So I'd better clean up my own mistake. As Noel has pointed out, the
ringnet interface returns an acknowledgment; therefore when the receiving
interface cannot catch up with incoming packets, the source host network
driver quickly retransmits any negatively acknowledged packet till the
interface returns an positive-ACK (or till hits some max retrans number).
For Ethernet, if the receiving interface doesn't get a packet right, the
packet is lost.
Having buffers at the interface is helpful, for both ethernet and ring.
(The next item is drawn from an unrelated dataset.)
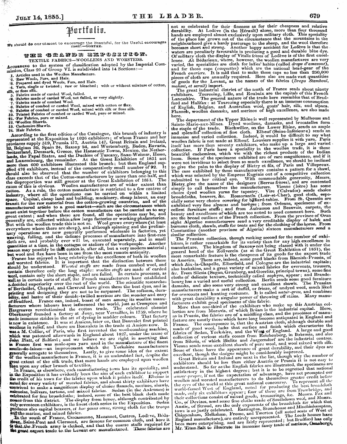 raffias <» as ;& srs & -3 s aa-ssis ^ iDS &^ paq & sro TEXTILE FABRICS—WOOLLENS AND WORSTEDS . According to the system of classification adopted by the Imperial Coramission , Class 20 of Group VI . is subdivided into 14 Sections : — 1 . -Articles used in the Wo alien Manufacture . 2 . Raw Wools , Furs , and Hair . S Prepared and dyed Wools , Fnrs , and Hair . ¦ 4 Yarn , single or twisted ; raw or bleached ; with or without mixture of cotton , silk , or floss silk . 5 Fabrics made of carded Wool , fulled . ' »] Fabrics made of carded Wool , not fulled , or very slightly . 7 ! ^ abries made of combed Wool . ¦ -8 * Fabrics of combed or carded Wool , mixed with cotton or flax . ' « . Fabrics of combed or carded Wool , mixed with silk or floss silk . 10 . Printed Fabrics of combed or carded Wool , pure or mixed . ; ' Fur Fabrics , pore or mixed . -12 . 'Woollen Shawls . < 13 . Gachemire Shawls . 1 * 4 . Hair Fabrics . According to the first edition of the Catalogue , this branch of industry is represented at the Exposition by L 026 exhibitors ; of whom France and her Sovinces supply 519 , Prussia 157 , Austria 147 , Great Britain and Ireland , 92 Belgium 30 , Spain 24 , Saxony 24 , and Wurtemburg , Baden , Bavaria , Switzerland , Denmark , Greece , the Hanseatic Towns , Mexico , the Netherlands , the Papal States , and the Duchies of Tuscany , Saxe-Weimar Hesse and Luxembourg , the remainder . At the Great Exhibition of lfiol not more than 600 exhibitors illustrated this branch ; but then England supplied 476 exhibitors , instead of tlie comparatively small number ot 92 . it should also be observed that the number of exhibitors belonging to this class exceeds that of the Cottou-manufacturers by more than one-half , and the disproportion was still greater at the Great Exhibition of 1851 . The cause of this is obvious . Woollen manufactures are of wider extent than cotton . As a rule , the cotton manufacture is restricted to a few centres of industry , where all the operations can be carried on within a limited space . Capital , cheap land and building , machinery , cheap labour , an easy transit for the raw material from the cotton-growing countries , and of the manufactured article to a good market—such are the circumstances which must exist together before the cotton manufacture can be earned onto any oreat extent f and when these are found , all the operations may be , and Generally are , collected within a few large factories or working phalansteries . f $ ut with the woollen trade this is not so . Wool grows every where Cat least everywhere where there are sheep ) , and although spinning and the prelimiiwiry operations are now generally performed wholesale in factories , yet ws avingT fulling , and the delicate processes of manufacture into first-rate SothaFe , and probably ever will be , executed separately , and in small quantities at a time , in the cottages or ateliers of the workpeople . Another reason may possibly be thft cotton is , after all , but a very modem material ; but wool and liax have been in use from the most remote antiquity . ¦ France has enjoyed a long celebrity for the excellence of both its woollen and worsted fabrics . It is important that the distinction betweea these should be understood . Worsted stuffs are made from combed wool , and contoin therefore only the long staple : woollen stuffs are made of carded * obl , contain only the short staple , and are fulled . In certain processes a , JSlas in certain sorts of stufT , the French manufacturers have established JSecTded superiority over the rest of the world . The scieutihc researches ofBerthoUe £ Chaptal , and Chevreul have given them the best dyes , and m ntuZm and designing they are uot to be surpassed . Ihe softness dura-Kv ^ Ld lustre of their double-twilled merinos are the _ wonder aud envy

Ethernet is a loser in that, using Noel's word, it lacks a low-level ACK.
Lixia
-------CERF@A.ISI.EDU.UUCP (07/21/86)
Noel, Please elaborate on "single ACK" problem. As you know, TCP ACKS are at least "inclusive" so that subsequent ACK can make up for one lost, if more data is sent and received. This isn't perfect, of course, since "inclusive" ACK doesn't help if data was lost at the receiver. Perhaps you are thinking about ACKs which cover data received past data lost (selective ACKS)? We looked at this several times but the complexity of the mechanism did not seem to buy enough to justify it. Vint
mark@cbosgd.ATT.COM.UUCP (07/21/86)
In article <12224206784.24.JNC@XX.LCS.MIT.EDU> you write: > The point of all this is that nets ought to have a reasonable >hardware acknowledgement feature that would let you know when a host could >not accept a packet destined to it. I don't know why the didn't put one in >Ethernet; it would have been really trivial. The CHAOS hardware built at >the MIT AI Lab (which was a 4MB/sec Ether like system) had such a feature; >the recipient jammed the cable (causing a collision) if a packet for that >destination could not be handled. I note that 802.2 has a whole bunch of "connection oriented" features added onto the side of Ethernet. While I assume most of us are ignoring them (I gather they were put there by X.25 types) I wonder if there would be a clean way to use these facilities to get an ack or nak back for normal IP type datagrams? Since I gather we have some standards to work out regarding ARP on 802.2 anyway, maybe this would be a good time to adopt some other conventions too? Mark
jas@BRUBECK.PROTEON.COM (07/21/86)
I'll answer two open questions at once here. The 802.2 connection oriented features probably really exist so that IBM could run SNA on "their" 802.5 Token-Ring Network. SNA absolutely requires a reliable data-link layer, this is essentially the only level where there are any data integrity features in the SNA architecture. That's why IBM's Token-Ring board has a complete 802.2 connection oriented (VC) in the firmware of their PC board, along with an extended XID frame for SNA. I don't think that using a VC data link for IP is going to help you on a LAN. First of all, nobody's going to manage to write a 6-10 megabit/sec 802.2 VC layer. Secondly, stacking VC layers does not always work well. Third, this is not really the way TCP/IP was intended to be used. (Of course, on slow nets like the ARPANET, the VC code does not get in the way.) Fourth, the sequence numbering is only modulo-128. This can get consumed rapidly by tinygrams, and you will go into senquence number wait. On the issues of single ACK in TCP, this has to do with degenerative congestion when packets are being dropped. The sender sends 5120 bytes in ten TCP packets. The second one gets dropped due to congestion. The ACK of the first comes back. The last 8 packets get retransmitted. The second one (orignal fourth) gets dropped due to congestion. Repeat. What we have is a tendency towards instability when packets start getting lost. Note that the congestion is getting worse for eveyone due to this, since packets are being sent many extra times. This sort of problem is why people are developing protocols with what I call "ACK vectors", such as NETBLT at MIT, and NETEX from Network Systems. These provide the fate of the last 'n' packets in ACKs, rather than a ACK-point. Only the dropped packet gets retransmitted in these protocols. john shriver proteon -------
leong@ANDREW.CMU.EDU (John Leong) (07/21/86)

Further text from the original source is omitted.